Sunday, November 27, 2011

Fall Running Fun and Unsolicited Health Advice

Running at this time of year can be challenging. Many runners have been racing frequently through the past 6 or 7 months and are just feeling tired and burnt out. Many are nursing injuries from months of intense training. Add cold weather, slippery trails, short daylight hours, hunters in the woods, and holiday and family obligations, and we can begin to see why so many of us have trouble keeping our weekly mileage up in the Fall.

I haven't raced since April. I have just had an entire month of very easy running followed by another month of gradual build up back to normal mileage following shoulder surgery. I'm still not working due to mobility and strength restrictions my surgeon has imposed on me. So here I am at a time of year when I am normally emotionally and physically worn out on running, feeling excited and energetic and raring to go! I am still not convinced I need to return to racing to fully enjoy my running and get the most out of it, but that might come. Either way, it's all good.

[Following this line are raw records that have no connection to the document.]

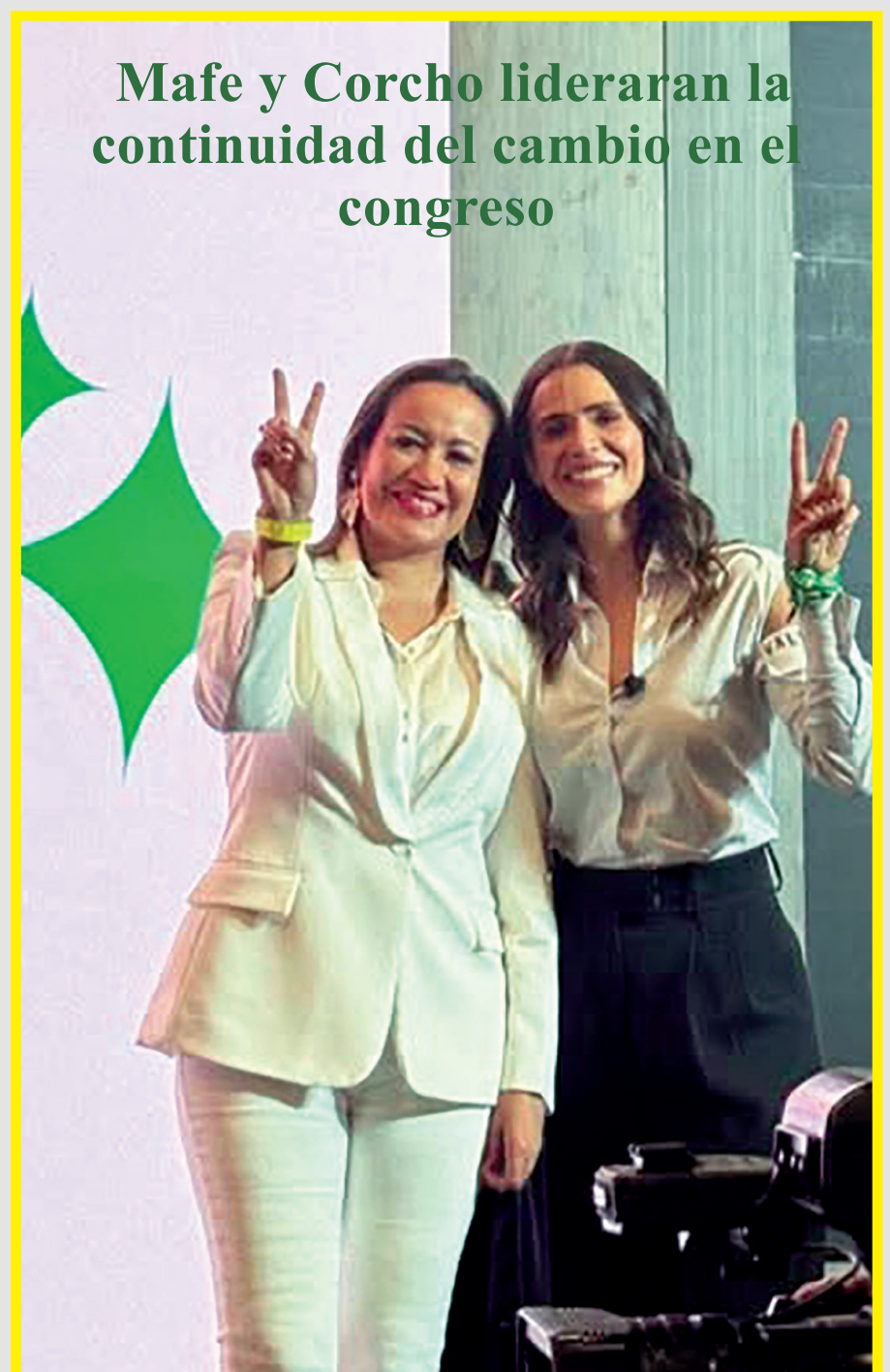
Mafe y Corcho lideraran la continuidad del cambio en el congreso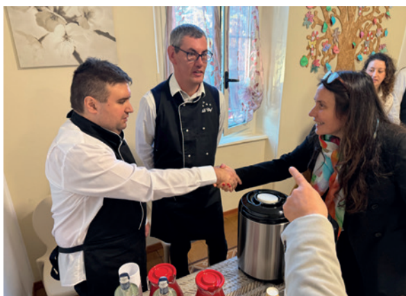
Alcuni momenti della visita ufficiale svoltasi tra Milano, Como, Cernobbio e Albiolo

promuovono percorsi formativi e professionali inclusivi. La visita si è poi spostata ad Albiolo, presso Casa Enrico e Casa di Guido di Agorà 97, comunità che accolgono giovani e adulti con disabilità intellettiva e relazionale. La due giorni si è conclusa con la partecipazione al convegno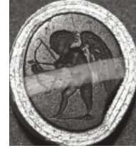
Abb. 1: Augusteische Glasgemme. Amor spannt den Bogen zum Abschuss eines Liebespfeiles. London, British Museum Reg. 1923,0401.483.

Was aber, wenn Eros/Amor selbst in die Falle gerät? Auch dieses Motiv findet sich seit der hellenistischen Zeit auf Ringsteinen: Das mit einem Bein in einer zugeschnappten Bügelfalle steckende, auf der Erde hockende und weinende Amorkind ist ein geläufiges Motiv in der Glyptik der augusteischen Epoche und frühen Kaiserzeit, wurde als Intaglio und Kameo geschnitten und auf Glasgemmen und -kameen vervielfacht (Abb. 2). 5 Der oft ebenfalls anwesende Psyche-Schmetterling lässt vermuten, dass es hier um Reflexe der hellenistischen Dichtung geht, der ungebärdige Eros/Amor, der die Seele quält, erleidet eine Strafe. Wie ein Lockvogel sitzt der Schmetterling auf der Falle oder umgaukelt sie. Schriftlich belegt ist Amors derartige Bestrafung allerdings nicht. Eine Serie von Intagli, Stein- und Glaskameen überliefert den Bildtypus: Entweder ist der in eine Bügel-Falle geratene Eros/Amor ganz allein und hat das Köpfchen traurig in eine Hand gestützt. 6 Der Schmetterling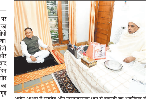
अंधोर आश्रम में गुरुदेव और सत्यनारायण धाम में बाबाजी का आशीर्वाद लेते सीएम विष्णुदेव।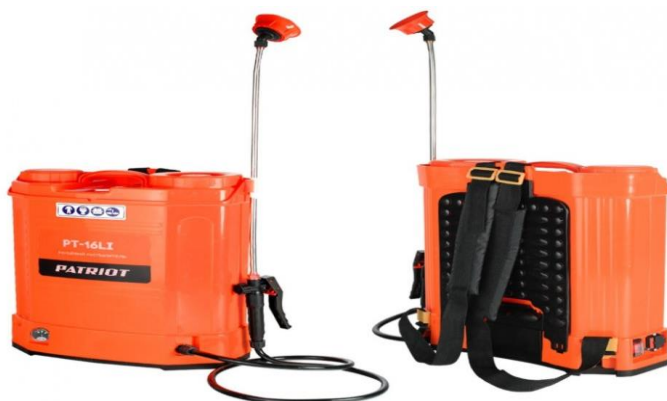
Фото 6. Аккумуляторный ранцевый опрыскиватель

Использование аккумуляторных ранцевых опрыскивателей нашло широкое применение при тушении пожаров в природных экосистемах Донецкой Народной Республики. Это вызвано, прежде всего, их простотой и надёжностью при использовании на пожарах.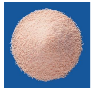
(トスフロキサシントシル酸塩細粒小児用 15% 「タカタ」)

—お問合せ先— 高田製薬株式会社 広報・渉外担当 TEL 048 - 622 - 2602 FAX 048 - 623 - 3065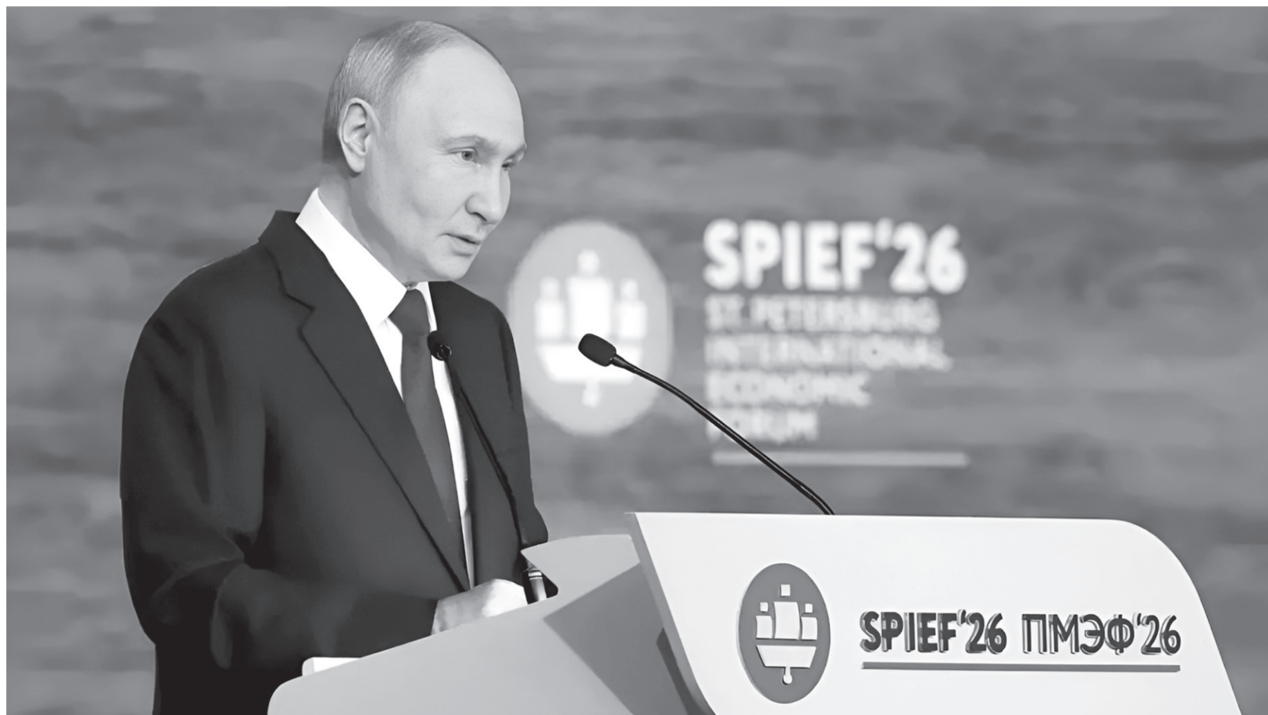
На пленарном заседании форума на тему «Прагматичный диалог — путь к стабильному будущему» выступил Президент страны Владимир Путин

Основой экономики, по его словам, является частная инициатива. Государство уже создало базовые условия для бизнеса, но теперь нужно сосредоточиться на устранении финансовых ба-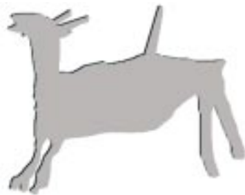
Grabado rupestre de huemul. Meseta del Ströbel, Santa Cruz.

Actualmente el huemul es objeto de varios estudios que permiten obtener información para optimizar su conservación. Dadas las dificultades para su observación directa, estos estudios suelen emplear evidencias de su presencia: sus rastros (huellas, bosteos, astas caídas, pelos o marcas en la vegetación).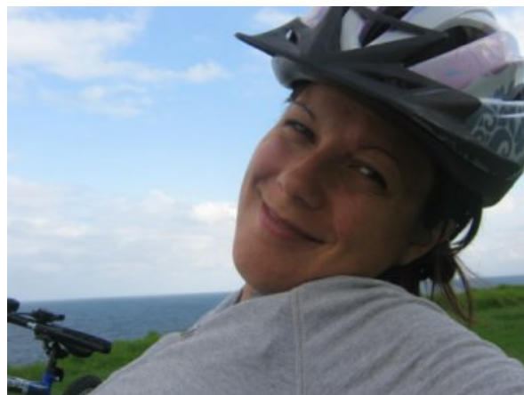
Io in versione sport: paracadutista e ciclista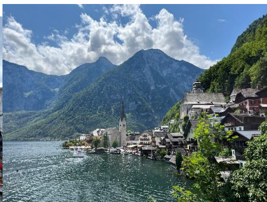
↑ 奧地利 哈修塔特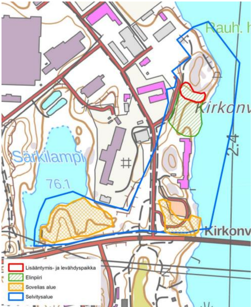
Kuva 2. Liito-oravan elinpiiri, lisääntymis- ja levähdyspaikka (punainen raja) ja lajille soveltuvat alueet (vihreä rasteri).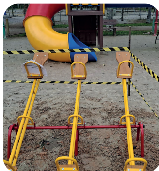
NOVAS AQUISIÇÕES NO PARQUINHO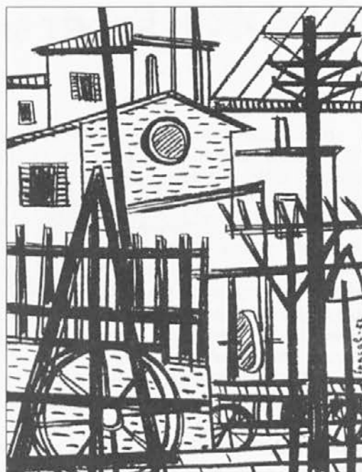
Lojze Spacal: Ladjedelnica III, 1952 (črna voščena kreda)

LEV: Malce več časa posvečajte partnerju in domačim, ne izmikajte se zaradi delovnih dolžnosti. Delovno okolje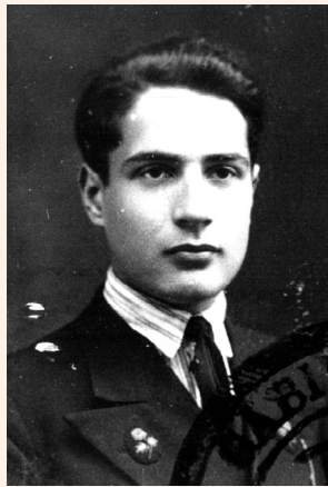
• François Mitterrand à l'époque du baccalauréat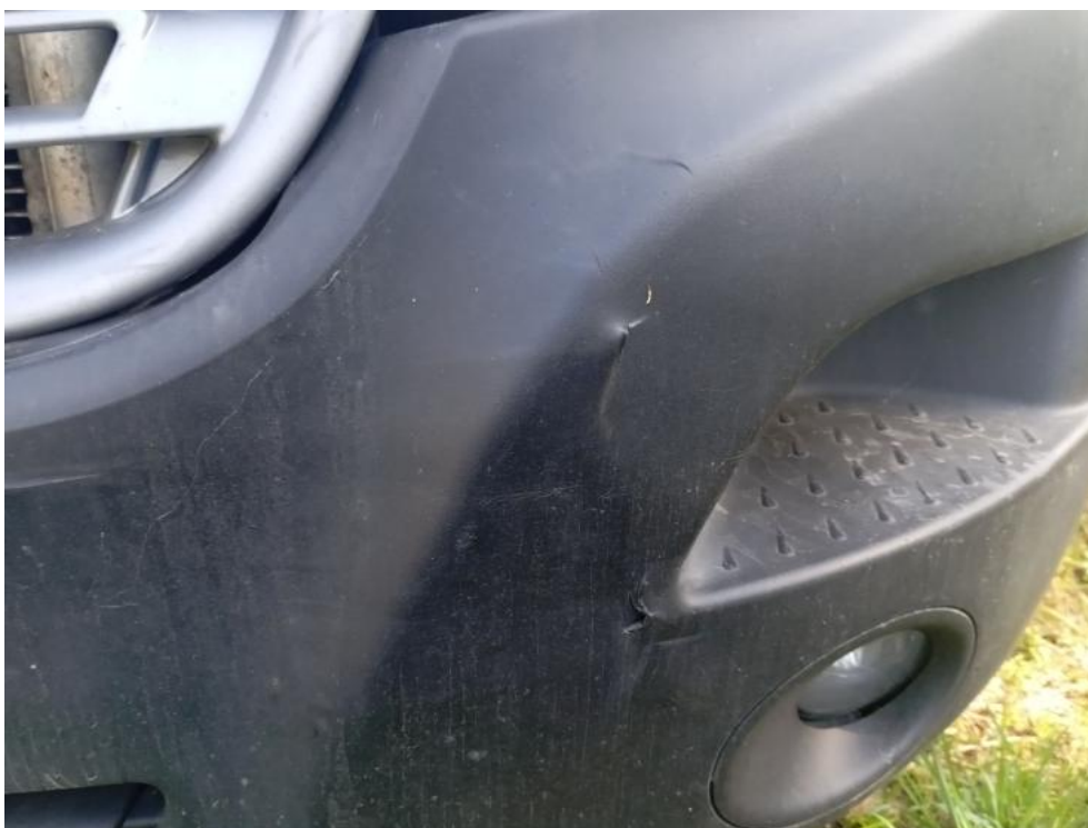
Fot. 73. PRZ - zdjęcie poglądowe 1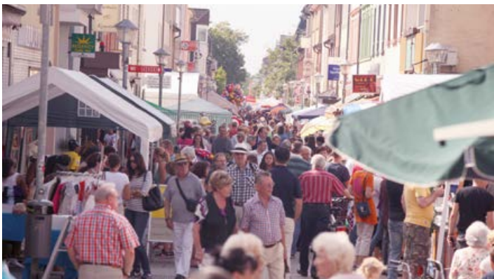
Fußgängerzone „Tag der Nationen“

Klein, aber fein – das beschreibt den Neu-Isenburger Weihnachtsmarkt treffend. Im festlich geschmückten alten Ortskern hebt sich der Markt am zweiten Adventswochenende wohlthuend von kommerziell gestalteten Weihnachtsmärkten ab. In vierzig eigens vom städtischen Betriebshof gebauten Holzhütten präsentieren Vereine und Kirchen, Kunst und Kulinarisches. Immer sind die Aussteller aus der thüringischen Partnerstadt Weida mit von der Partie. Auch das Stadt-Museum „Haus zum Löwen“ zeigt Weihnachtliches und lädt zu einem Besuch ein.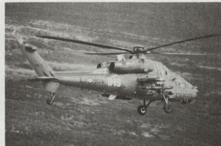
A-129 MANGUSTA während eines Testfluges, bisher sollen fünf Prototypen gebaut worden sein.

torblättern sowie einer verbesserten Triebwerkleistung soll das Flugverhalten wieder optimal gestaltet werden. Weiter soll das maximale Abfluggewicht von 2,4 auf 2,5 Tonnen erhöht werden, um Kapazität für den Einbau von Navigations- und Nachtsichtmitteln zu erhalten. Die für einen Einbau vorgesehenen Nachtsichtgeräte werden zur Zeit in einer Konzeptphase untersucht.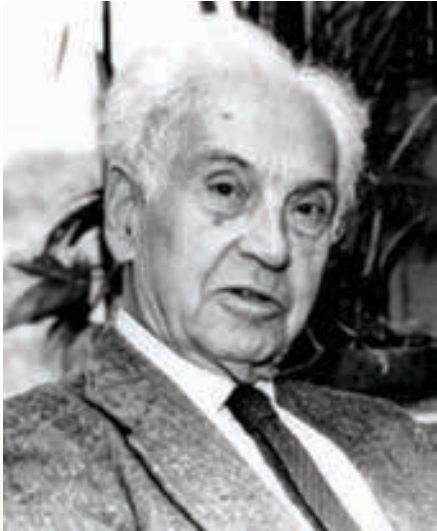
एरनस्ट मेयर (1904 - 2004)

एरनस्ट मेयर का जन्म 5 जुलाई, 1904 में कैंपटन, जर्मनी में हुआ था। आप हावर्ड विश्वविद्यालय के विकासपरक जीव वैज्ञानिक थे, जिन्हें '20वीं शती का डार्विन' कहा गया। आप अब तक के 100 महान वैज्ञानिकों में से एक थे। मेयर ने सन् 1953 में हावर्ड विश्वविद्यालय की कला एवं विज्ञान संकाय में नौकरी प्राप्त की और 1975 में एलेक्जेंडर अगासीज प्रोफेसर ऑफ जुलोजी एमीरिटस की पदवी के साथ अवकाश प्राप्त किया। अपने 80 सालों के कार्य जीवन में आपका पक्षी-विज्ञान, वर्गीकरण-विज्ञान, प्राणि-भूगोल, विकास, वर्गिकी तथा जीव विज्ञान के इतिहास एवं दर्शन आदि पर अनुसंधान केंद्रित रहा। आप ने लगभग अकेले ही विकासीय जीव विज्ञान के केंद्रीय प्रश्न जाति विविधता की उत्पत्ति को खड़ा किया, जो कि आज सच है। इसके साथ ही आपने हाल ही में स्वीकृत जीव वैज्ञानिक जाति वर्गिकी की परिभाषा की अगुवाई की। मेयर को तीन पुरस्कार दिए गए, जिन्हें व्यापक तौर पर जीव विज्ञान के तीन ताजों की संज्ञा दी जाती है: 1983 में बालजॉन प्राइज, 1998 में जीव विज्ञान के लिए इंटरनेशनल प्राइज और 1999 में क्राफ़र्ड प्राइज। मेयर ने 100 वर्ष की आयु में 2004 को स्वर्गवासी हुए।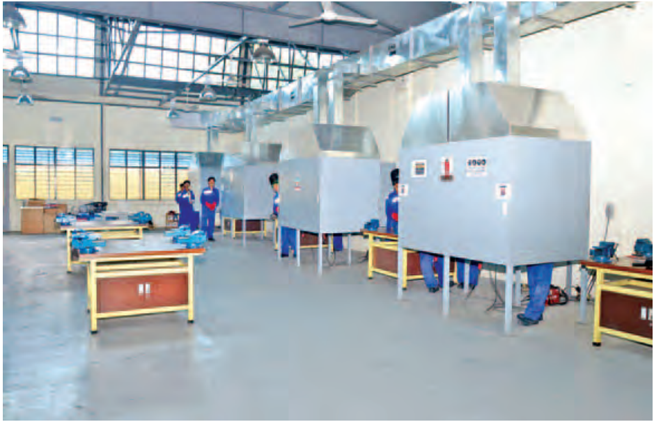
စင်ကာပူ-မြန်မာ သက်မွေးပညာသင်တန်းကျောင်း(ရန်ကုန်)အလုပ်ရုံများကို တွေ့ရစဉ်။ (သတင်းစဉ်)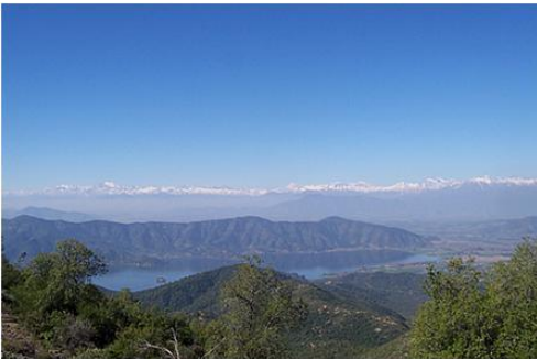
Reserva Natural Altos de Cantillana

La reserva fue creada el año 2008, como iniciativa de la Corporación Altos de Cantillana, la que agrupa a cuatro grandes propietarios del Cordón Altos de Cantillana. Dicha reserva incluye los terrenos sobre la cota 1.000 de los fundos La Huachera de Aculeo, Los Hornos de Aculeo, Fundo Rangue y Fundo La Rinconada de Chocalán, identificados como la zona de mayor valor ecológico en el marco del proyecto para la Conservación de la Biodiversidad de Altos de Cantillana. La reserva constituye un reservorio único a nivel regional, nacional e inclusive mundial, de vida silvestre, siendo posible observar además de flora y fauna característica, una serie de procesos ecológicos (SERNATUR, 2012).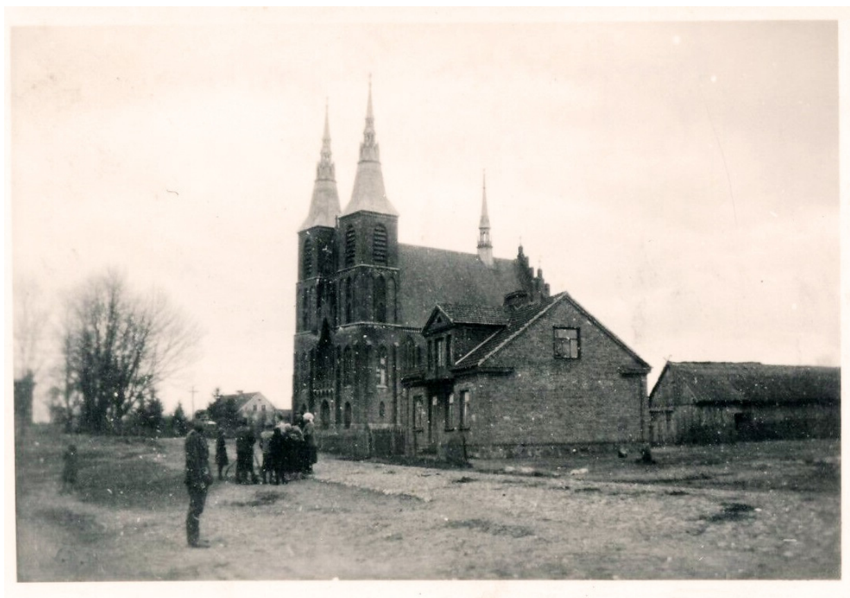
1941 r. Rzekuń.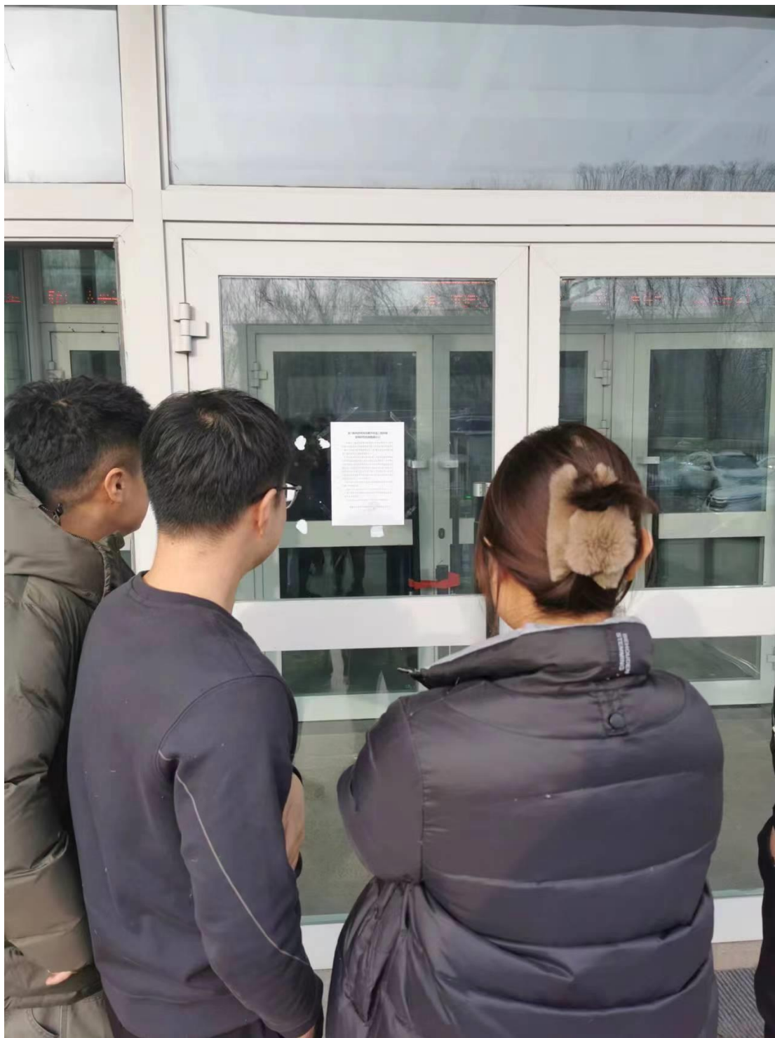
图 4 公示照片

I have been spending a lot of time on the local Ossipee River trails, both in running shoes and on snow shoes. I have also been out exploring a new-to-me network of trails in Parsonsfield. This is the kind of running that originally lured me away from road racing and into the woods. Put me out on the trail alone (or with my dog) with a vague idea about where I am going and I find myself smiling and happy and at peace.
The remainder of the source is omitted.